Truth, Reconciliation, mob violence (choose two)

Just a quick note—as I was chatting with a twenty-one year old who isn’t particularly into politics and I said something that I realized was my own thought rather than being related from some other blog. So I thought I would expose that thought here for sharpening and whatnot, because, you know, it’s a blog.

Somebody had made a connection to this young person between the current situation in the US regarding torture (and also extraordinary rendition, and some other things) and the situation in South Africa in the 90s, after apartheid was overturned. So I said that part of the goal of the Truth and Reconciliation commission, there, was to prevent gangs of vigilantes dragging random white people into the streets and beating them to death. This was also true, to a greater or lesser extent, in some other places around the world in the last two decades that have had unpopular gangs of miscreants suddenly deposed after a long period of oppression. When somebody leveled an accusation of collaboration, there was no chance of a trial by an independent judiciary; angry mobs would tear people to bits, the innocent and the guilty together.

This was particularly dangerous in South Africa, where of course the Afrikaans and English were easily spotted because of that pink skin thing. And because the decades of misrule had left the economy of the place in a position where even wiping out the guilty (and there were a lot of guilty, depending on your definition of guilt) (and there were lots of good reasons for those angry mobs to have expansive definitions of guilt) would result in increased misery for everyone down the road.

Now, it seems to me, just my own perception of the universe informing me here, that the situation in the US is not like that. We have people in the government who committed crimes (note: I don’t say who have allegedly committed crimes because I am myself alleging it, rather than simply alluding to the allegations of others), and others who collaborated and others (I’m guessing) who have been accused of collaboration who are innocent. So far, we have not had a problem with gangs of vigilantes pulling former White House operatives into the street and beating them to death. Or beating them at all.

We don’t need Reconciliation. We have a working judiciary (OK, that’s a whole different argument, but let me maintain that for the purposes we are talking about here, our judiciary works reasonably well) and I can’t see any harm in beginning prosecutions. Sure, it makes some sense to keep an eye on things, and if it gets crazy, and people are finking on each other out of spite and malice rather than legal pressure, and if the masses are being whipped up into a dangerous mob ready to tear apart any judge who shows impartiality, pull the collaborators from their cells and hang them from the willow across the way, well, I suspect we can change our path before that happens.

In the meantime, the purpose of any commission looking into crimes of the last administration should be determining who committed crimes and prosecuting those people in a court of law. That’s it. That’s how the country works. Yes, there needs to be prosecutorial discretion, the purpose of which is to better prosecute people who have violated our laws. If the Congress is looking into having that prosecution coming from outside the Justice Department, well, there are arguments for that, although I ain’t persuaded at the moment.

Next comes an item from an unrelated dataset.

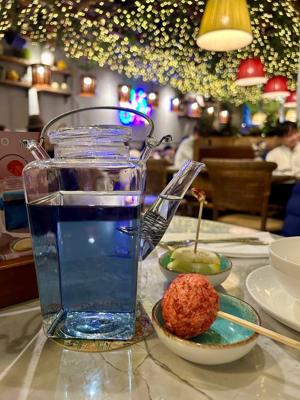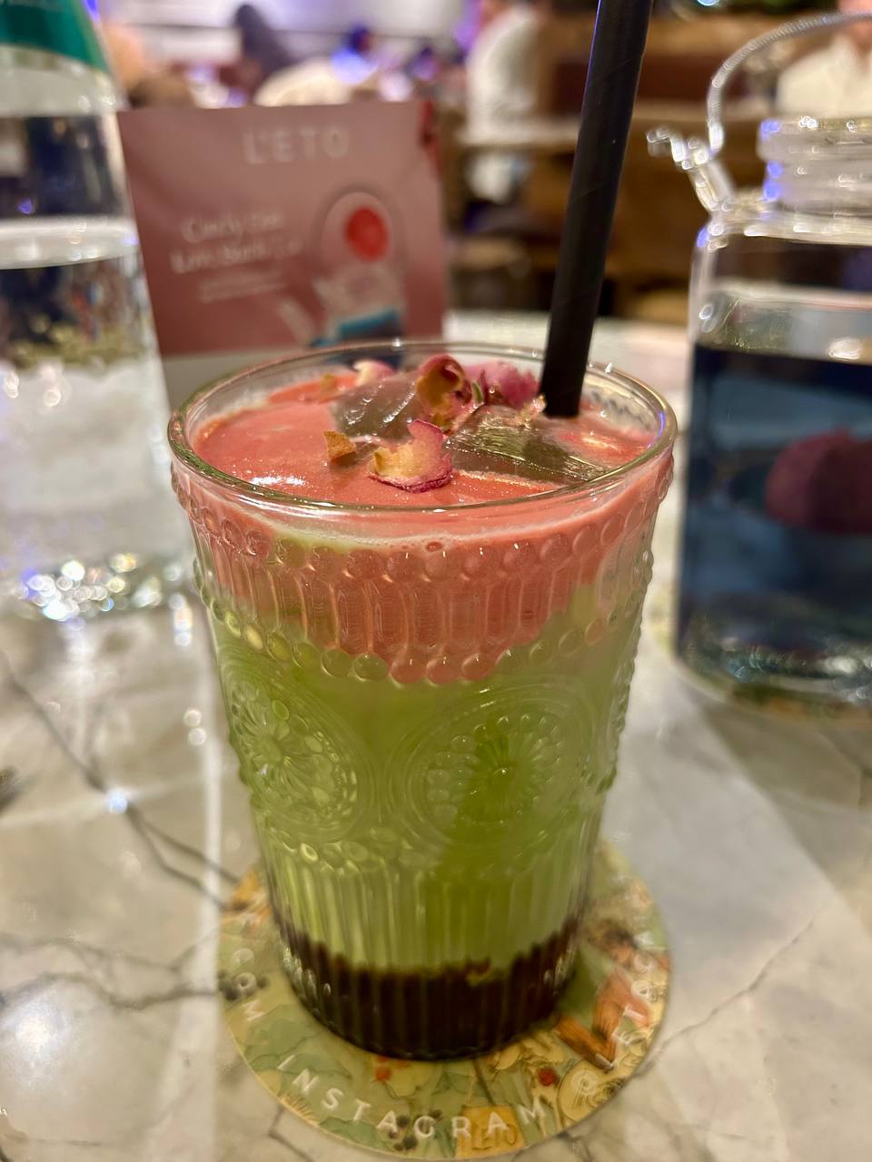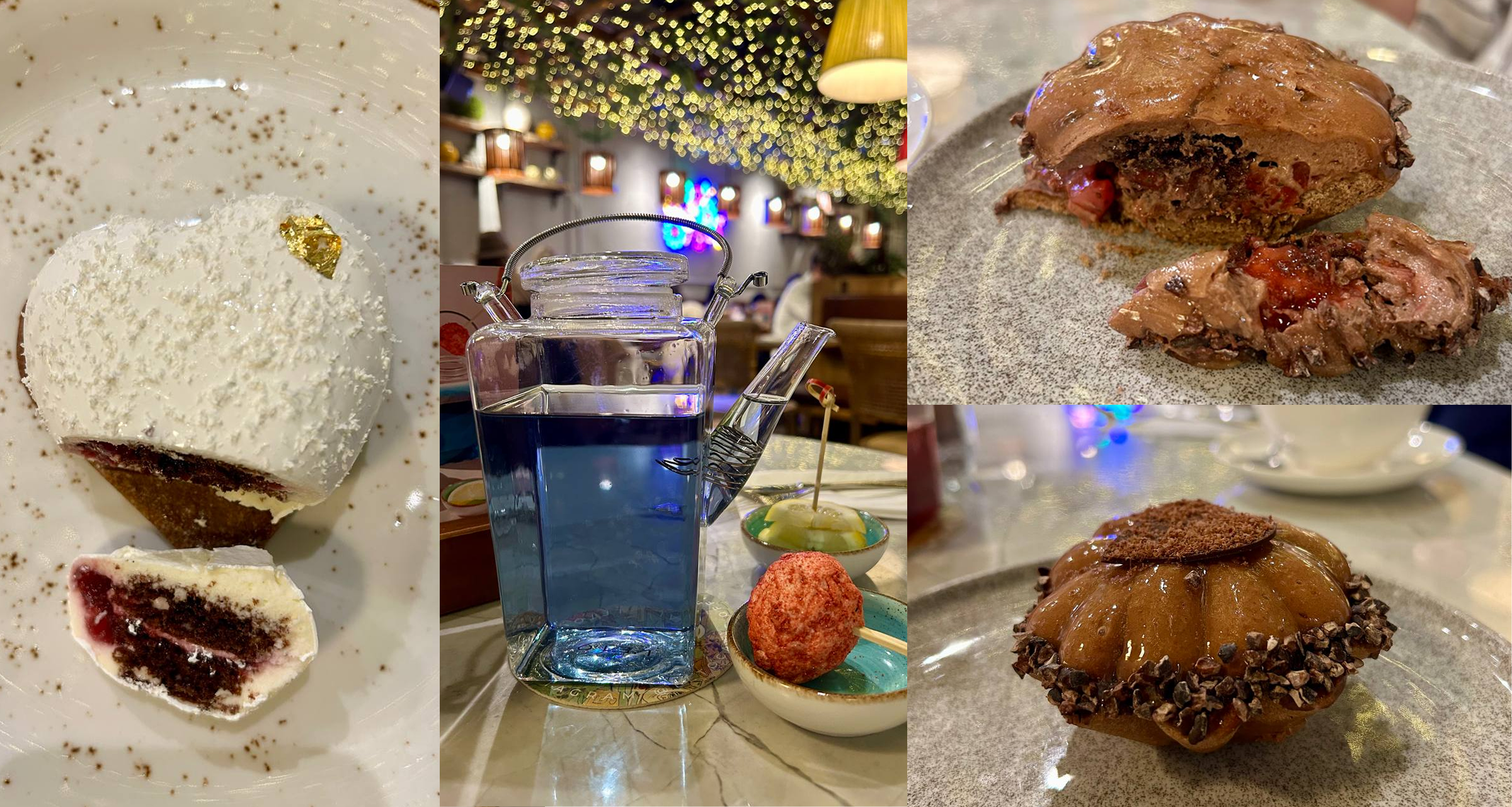 К 14 февраля здесь подавали Berry Kiss Matcha с лепестками роз и мерцающей пеной. Внизу слой ягодной кислинки встречается с мягким чаем матча, а сверху — нежный блеск, как фильтр «влюблённость». Наш второй чай назывался Candy Floss Love Bomb Tea. И «сладкая бомба» там самая настоящая. Опускаешь её в чай, и она моментально «взрывается» яркой кислинкой гибискуса в сладковато-карамельном и ванильном чае «анчан». Чай моментально меняет цвет с синего на розово-фиолетовый. Такое волшебство в чайнике!

The argument that we need to have reconciliation rather than prosecution, though, seems to assume that we were oppressed by tyrants and have been only shakily liberated, and that fending off civil war and civil violence is the top priority. That is not the case, thank the Divine. As furious as I still am that our Federal Executive was in the hands of a secretive cabal of crooks and incompetents for eight years, I remain on the whole glad that, for instance, Irv Libby wasn’t strung up from a lamppost.

Or am I way off on this Truth and Reconciliation Commission reference that I hear people making? Do they mean something else by it altogether?

Tolerabimus quod tolerare debemus,
-Vardibidian.

2 thoughts on “Truth, Reconciliation, mob violence (choose two)

  1. hapa

    shakily liberated is how i feel, all the different ways we got burned not by criminal extremes but by baseline consensus allowing those extra steps toward self-destruction. where’s the reason to believe that these mistakes regarding war, money, climate, whatever — that they will not repeat “under the right circumstances”? how can i reconcile anything.

    trying to talk tonight about constraints on a very negative american response to resource constraints — butchery, robbery, indenture, to keep the balls in the air — i said, essentially, “there’s no outside to this, there’s no easy pickings, the periphery cupboard has been emptied, the air is dangerous, the sea and the land are mortally wounded. power is more evenly distributed. ‘stealing’ would be stealing from oneself.”

    well, yeah, but we just saw “ourselves” do exactly that.